Objective Copper-steel laminated plates exhibit the advantages of both copper and steel. Such plates are extensively used in the aerospace, instrumental, and military fields. However, some problems, such as high reflectivity, serious oxidation of the oxygen-assisted cutting surface, and large seam widths after cutting, can be observed when cutting 1-mm-thick copper-steel laminated plates with a fiber laser. Although some solution methods have been proposed in the existing researches, the protection of the original properties of the material surface, the processing precision, and the product processing technologies are still limited. The effects of lasers and materials can be improved using the pretreatment method proposed in this study, in which the element compositions, morphologies, and physicochemical properties of processing areas are adjusted to ensure processing quality, expand the processing range of a 1064 nm fiber laser, and design the experiment for processing slit gratings. The feasibility of this method is verified.

Methods Based on the analysis of the material properties and the laser processing characteristics, a shallow melting surface could be obtained by controlling the energy input. The plate surface was scanned using a low-power fiber laser by considering oxygen as the auxiliary gas to obtain morphology changes and material properties conducive to laser processing. The processing quality of this method is compared with those of other methods. A three-dimensional (3D) microscope was used to observe and measure the surface morphology, heat-affected zone (HAZ), and slit width. In addition, the Plus software was used to estimate the oxide distribution in the shallow melting area formed by pretreatment. Thus, the proportion of oxide area in the shallow melting area could be calculated. The surface roughness was measured using a Keynes laser confocal microscope. Further, the surface morphological changes in the shallow melting area were analyzed to investigate the influence of pretreatment on laser absorption and subsequent processing. The advantages of this method with respect to quality and technology were deduced via experiments in which different pretreatment methods were used. After reasonable processing parameters were obtained, the slit grating was processed by planning the processing path, and the deformation and accuracy were controlled within the required range.

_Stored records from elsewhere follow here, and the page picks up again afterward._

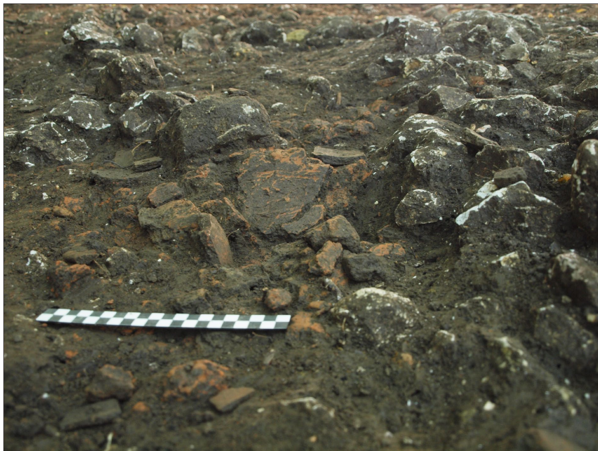
Sl. 2 Kalnik – Igrišće – ostaci urušnja konstrukcije peći (SJ) 321.

Najznačajniji nalaz izrađen od bronce jest strelica pronađena u blizini urušnja od peći (sl. 3). Takve strelice su rijedak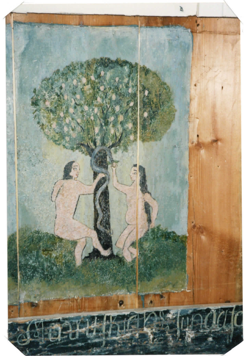
.JA. PEILIN VÄRIPAIKKAUSTA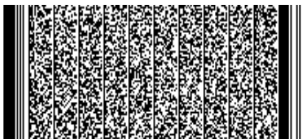
Timbre electrónico SRCel

Verifique documento en www.registrocivil.gob.cl o a nuestro Call Center 600 370 2000, para teléfonos fijos y celulares. La próxima vez, obtén este certificado en www.registrocivil.gob.cl .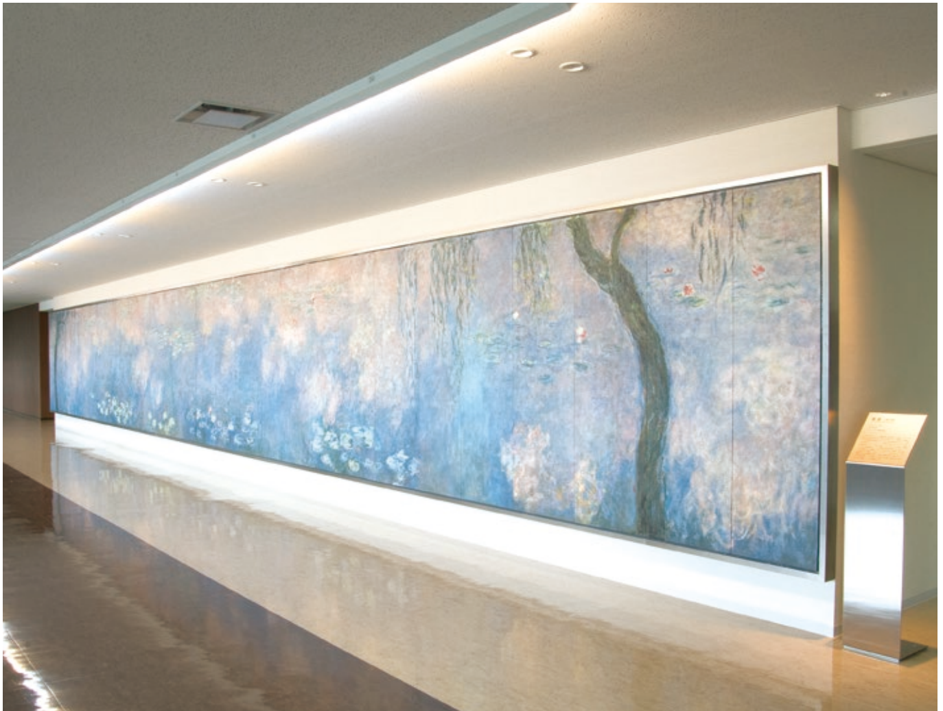
枚方学舎医学部棟3階に掛かる、クロード・モネ《睡蓮》の原寸大陶板画。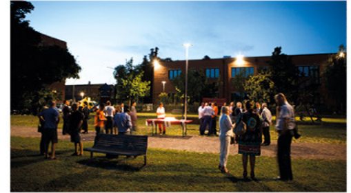
Nuova illuminazione pubblica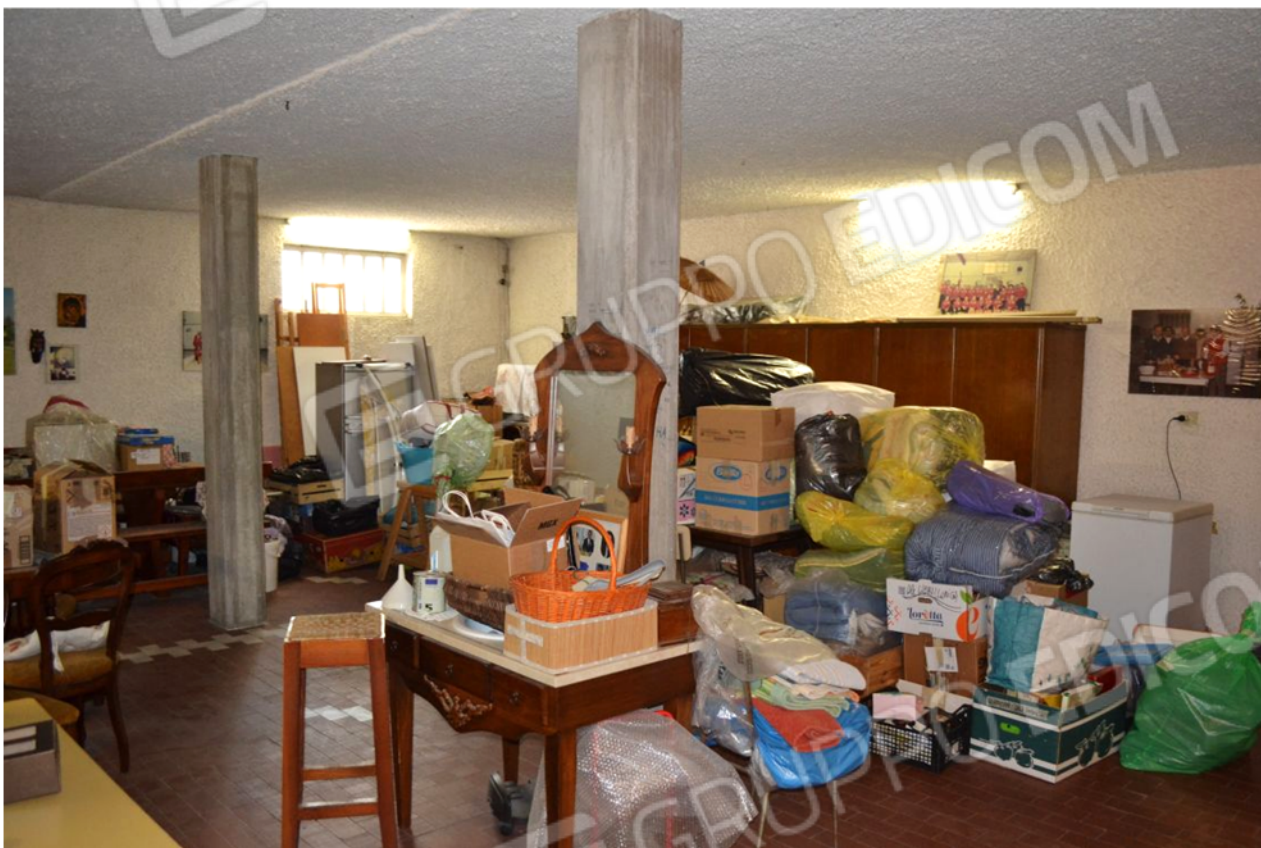
foto 18 – m.n. 93 sub 4 (taverna) – Il principale dei vani abitabili al seminterrato ha tre pilastri interni in cemento armato, pavimenti in cotto e pareti d'ambito con intonaco picchiettato tinte di bianco, oltre a finestre apribili a wasistas verso l'immediato piano di campagna esterno. Benché catastalmente allibrato come cantina , l'ampio locale (quasi 118 m 2 contando anche la cucina di cui alla foto successiva), per livello di finiture e dotazioni, ha rango di spazio abitabile e non accessorio, se non in ridotta parte (i servizi).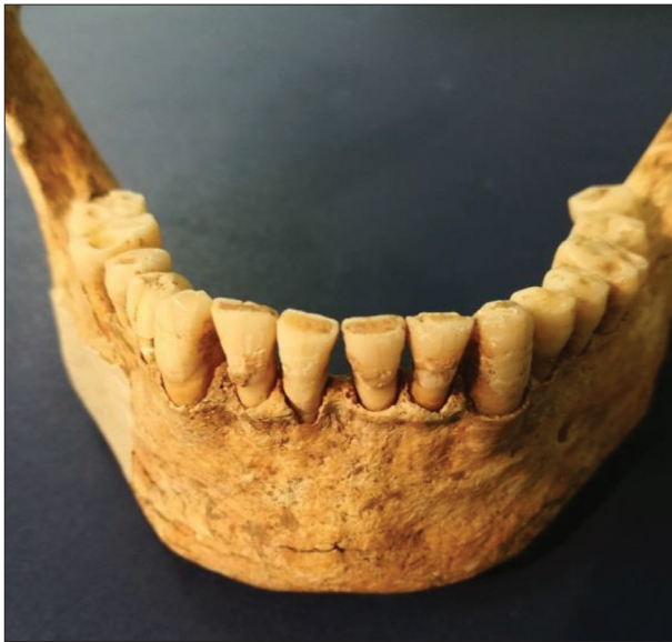
Figure 4. Grade II abrasion and grade I deposits on the teeth of an adult

Slika 4. Abrazija drugog stepena i kamenac prvog stepena na zubima odrasle osobe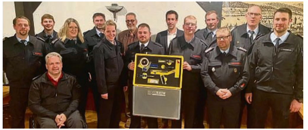
Ein „Glasmanagement-Einsatzkoffer“ wurde der Lippoldshäuser Feuerwehr übergeben.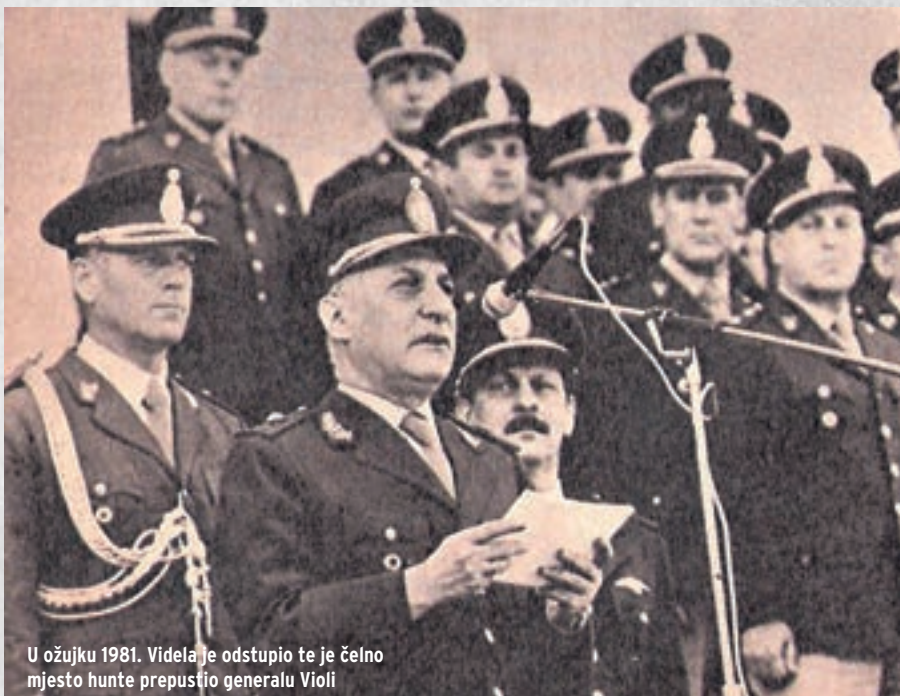
U ožujku 1981. Videla je odstupio te je čelno mjesto hunte prepustio generalu Violi

Vojni neuspjeh na Falklandima nadovezao se na gospodarske i političke probleme koji su razdirali naciju te doveo do eksplozije nezadovoljstva. Stoga je vojna hunta dopustila ponovno djelovanje političkih stranaka i oživljavanje političkih sloboda, što je u konačnici dovelo do njezina pada i restauracije parlamentarne demokracije. Na izborima u listopadu 1983. na čelo Argentine ponovno dolazi građanska osoba – kandidat Radikalne stranke Raul Alfonsin. General Leopoldo Galtieri osuđen je 1983. na dvanaest godina zatvora zbog propusta u vođenju Falklandskog rata, dok su Videla i Viola zatvoreni 1985., a 1990. predsjednik Menem ih je amnestirao. Zanimljivo je da je i svrgnuta Isabel Peron 2007. uhićena u Španjolskoj, gdje se nalazila u egzilu, pod optužbom za kršenje ljudskih prava. No, Madrid ju je odbio izručiti Argentini. ■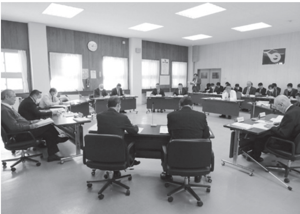
— 12月10日 — 第4回村議会定例会

島牧村議会も昔から教育予算については寛容な議会だったと思えますね、その辺もう一度様々な形でなるべく子ども達に我々は積極的な支援してるんだというご姿勢をお示しただきますようお願い申し上げます。終わりたいと思います。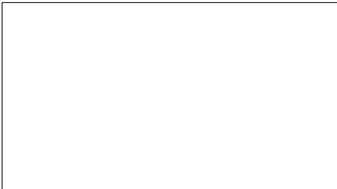
Σχήμα 1: Κατανομή των εκτιμητών ανά φύλο.

Το μεγαλύτερο μέρος των εκτιμητών ήταν γυναίκες καλύπτοντας ποσοστό 90% των συμμετεχόντων (βλέπε Σχήμα 1, σελ. 39).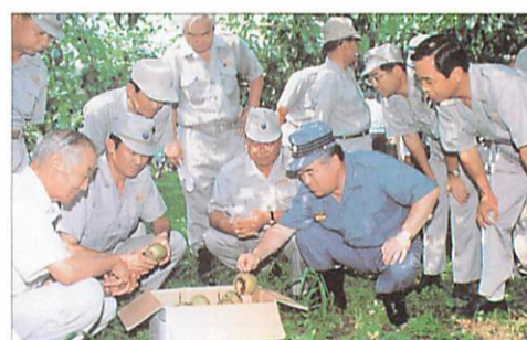
自然との共生 知事と梨の被害状況を視察する小川議員

Results and Discussions In this study, the plate surface is guided to obtain shallow melting and black oxide via pretreatment. The width of shallow melting on the material surface is smaller than the spot diameter, and the oxide and molten substance overlap with each other. Therefore, the main energy absorption area with respect to the spot diameter is segmented and reduced, and black oxide can effectively improve the laser absorption rate. Thus, the problem of low laser absorptivity on the surface of the copper-steel laminated plates can be solved and the appropriate energy utilization can be achieved. Hence, most of them are used to remove the materials within the irradiation range and reduce heat accumulation at the edge of the slit. The slit width is smaller than the spot diameter, and the HAZ of the slit is reduced. Thus, the cut accuracy and quality of the laser-cut copper-steel laminated plates are improved when the proposed pretreatment method is applied. Through pretreatment, a pretreated surface containing 36.54%--77.84% of oxidation area can be obtained. The larger the proportion of the oxidation area, the lesser is the amount of oxide copper spots in the shallow melting zone, the greater is the density of the molten pool, and the more uniform is the edge line. Compared with that of the oxygen-assisted cutting method, the seam width of the pretreatment method decreases by approximately 45% and that of the carbon black coating method decreases by 36%.

Conclusions The material surface melts in the form of a shallow layer when the energy density is controlled and the oxidation reaction is guided. The width of shallow melting on the material surface is smaller than the spot diameter. Compared with other methods, the material around the slit is not affected by oxidation or pollution before and after processing. Compared with other methods, the laser pretreatment method achieves a better cutting quality and requires shorter time. By conducting the complete experiment with respect to two factors and three levels, a pretreated surface in agreement with the shallow melting state can be obtained. In this treatment range, the processing parameters are selected based on the proportion of oxidation area to perform the cutting experiment, and the grating sample is produced. The results show that a slit grating satisfying all the quality requirements can be obtained using the proposed method. Further, the HAZ is considerably smaller after cutting, and there is no slag on the back. The properties of copper cladding before and after cutting are protected to ensure that the quality of the copper-steel laminated plates cut by the fiber laser meets the application requirements.